Assessment of the impact of solvent/detergent treatment on the quality and potency of a whole IgG equine antivenom.

We have evaluated for the first time the impact of a solvent/detergent (S/D) treatment on the quality and in vivo neutralization potency of horse-derived whole IgG antivenom used in the treatment of viperid snake bite envenoming in Central America. The S/D treatment by 1% tri (n-butyl) phosphate (TnBP) - 1% Triton X-45 at 22-25 degrees C was applied either on starting plasma or on purified immunoglobulins. The S/D agents were removed from both fractions by extractions with oil. S/D-treated plasma was subjected to caprylic acid precipitation to purify the immunoglobulins. Products were formulated, sterile-filtered, and filled into 10-mL vials, stored at 5+/-3 degrees C, and subjected to routine quality controls, SDS-PAGE, determination of anti-Bothrops asper venom antibody titre by ELISA, in vivo B. asper venom-neutralization potency tests, and safety test, comparatively with an antivenom manufactured by caprylic acid fractionation without S/D treatment. Results indicate that these conditions of S/D treatment on purified immunoglobulin yielded an antivenom of high turbidity that induced weight loss in animals. In contrast, antivenom fractionated from the S/D-treated plasma had physico-chemical and biological characteristics indistinguishable from those of the non-S/D-treated antivenom. S/D treatment of horse plasma may be considered to increase the viral safety of antivenoms.

Human heterophilic antibodies against equine immunoglobulins: assessment of their role in the early adverse reactions to antivenom administration.

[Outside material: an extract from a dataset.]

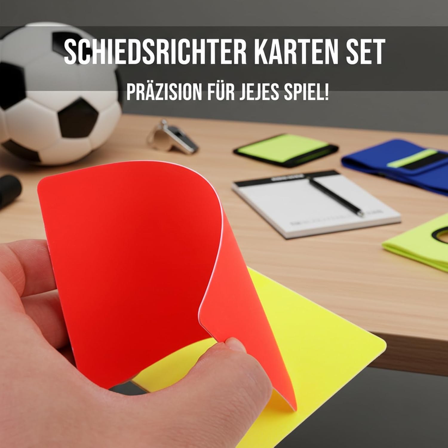 The Ebksqs referee kit is a professional and practical equipment suitable for anyone organising football matches - be it an official referee, a trainer in a training game or an organiser of club and amateur competitions. The set offers the most important devices in a compact and well-organised form. Package details: Red and Yellow Cards: The cards are the usual football sizes to ensure that players and spectators can see clearly even from a distance. Made of durable waterproof plastic that will not tear or fade easily even in bad weather or frequent use. The yellow card is a warning, the red card is a penalty. Metal whistle: the set contains a loud metal whistle. It produces penetrating, clear sounds that are clearly heard even in large squares and in noisy environments. Whistling is an essential tool to interrupt, start or resume a game. The included hanging rope is easily and safely accessible during the competition. Protective Case/Bag: A suitable protective cover prevents cards and whistles in the sports case from being dirty, moistened or damaged. It helps to store all items in one place and prevent loss. Some cases have a separate separation or a hanging ring for easy recording.

The presence of human heterophilic antibodies against horse immunoglobulins (HHA-HI) was determined by ELISA in sera from healthy volunteers and from patients who received equine antivenom for therapy of snake bite envenoming. These patients were selected from two independent clinical studies: one in Colombia in which patients received antivenom constituted by whole IgG (n=25); and the other in Brazil where an antivenom constituted by F(ab')(2) fragments was administered (n=31). Results show that healthy volunteers have antibodies, mainly of the IgG class, able to react with whole equine IgG. Additionally, patients have IgG antibodies that react both with whole equine IgG and F(ab')(2) fragments. In both clinical studies, no significant differences were observed in the HHA-HI titres between the patients who presented early adverse (anaphylactoid) reactions and those who did not develop them. In addition, no variation in titre was observed in samples collected before and after antivenom administration. These results do not support the hypothesis that the incidence of early adverse reactions to antivenom administration correlates with the titre of HHA-HI in the serum of patients. Nevertheless, participation of these antibodies as part of a multifactorial pathogenic mechanism associated with these reactions cannot be ruled out.